Impact of coronavirus pandemic is the “largest scale experiment ever” into global air quality
The coronavirus pandemic is the “largest scale experiment ever” into global air quality, according to Professor Paul Monks, Professor of Atmospheric Chemistry and Earth Observation Science at the University of Leicester, after new satellite images from the European Space Agency (ESA) are released showing drastic differences between air pollution before and after the outbreak.
Levels of nitrogen dioxide have significantly dropped after a reduction in industrial and transport emissions occurred, owing to the pandemic.
Measurements from ESA’s Sentinel-5P satellite show that during the past six weeks, levels of nitrogen dioxide (NO2) over cities and industrial areas in Asia and Europe are lower than in the same period last year.
Professor Monks said: “We are now, inadvertently, conducting the largest-scale experiment ever seen. This might give us some hope from something so clearly terrible - we can see what could be achieved in terms of a low pollution future. Road traffic accounts for about up to 80% of nitrogen oxide emissions in cities the UK. It seems entirely probable that a reduction in air pollution will be beneficial to people in susceptible categories, for example some asthma sufferers.
“What I think will come out of this is a realisation - because we are forced to - that there is considerable potential to change working practices and lifestyles. This challenges us in the future to think, do we really need to drive our car or burn a fuel for that.”
Nitrogen dioxide is produced from car engines, power plants and other industrial processes and is thought to exacerbate respiratory illnesses such as asthma. While not a greenhouse gas itself, the pollutant originates from the same activities and industrial sectors that are responsible for a large share of the world’s carbon emissions and that drive global heating.
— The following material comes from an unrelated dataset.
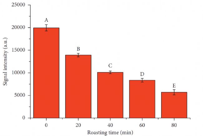 結果表明,在40 ~ 60 min的烘烤時間內(nèi),大鯢肉干的整體可接受性得分較高。此時肉干含有大量的健康不飽和脂肪酸,適合作為營養(yǎng)型大鯢肉干生產(chǎn)時間的參考,同時LF-NMR和MRI可以作為一種快速、無損的分析工具來描述焙燒過程中的品質(zhì)特征。
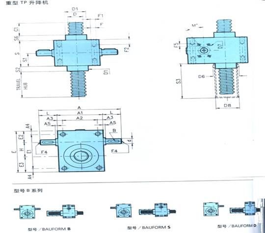 螺桿升降機:TP軸向運動螺桿。驅動軸旋轉帶動蝸輪并產生螺桿的軸向直線運動。螺桿必須有抗旋轉功能;TPR配備旋轉歸納法桿與支撐螺母,驅動軸旋轉帶動蝸輪旋轉。蝸輪與螺桿連接,因而也帶動螺桿旋轉。支撐螺每間把螺桿的旋轉運動轉變成直線運動。支撐螺母必須具有抗旋轉功能。為滿足用戶的廣泛需要,本公司可提供各種螺桿頭,也可按用戶要求定做,TP也可按用戶要求定作千斤頂以滿足用戶特殊機器的特殊要求,產品各大系列均采用雙導軌,確保升機能在最惡劣的條件下發揮最佳工作效能。特殊的密封技術使蝸桿,螺桿升降機蝸輪體系能長期在良好的潤滑狀態下運轉。

Roadside monitors in the UK already show significantly reduced levels of pollution at hotspots such as Marylebone in London.
The city of Wuhan, which has been on lockdown since late January, has seen one of the largest drops in pollution levels. The city of 11 million people serves as a major transportation hub and is home to hundreds of factories supplying car parts and other hardware to global supply chains. According to Nasa, nitrogen dioxide levels across eastern and central China have been 10-30% lower than normal.
NO2 levels also dropped in South Korea, which has long struggled with high emissions from its large fleet of coal-fired power plants but also from nearby industrial facilities in China.
The changes over northern Italy are particularly striking because smoke from a dense cluster of factories tends to get trapped against the Alps at the end of the Po Valley, making this one of Western Europe’s pollution hotspots.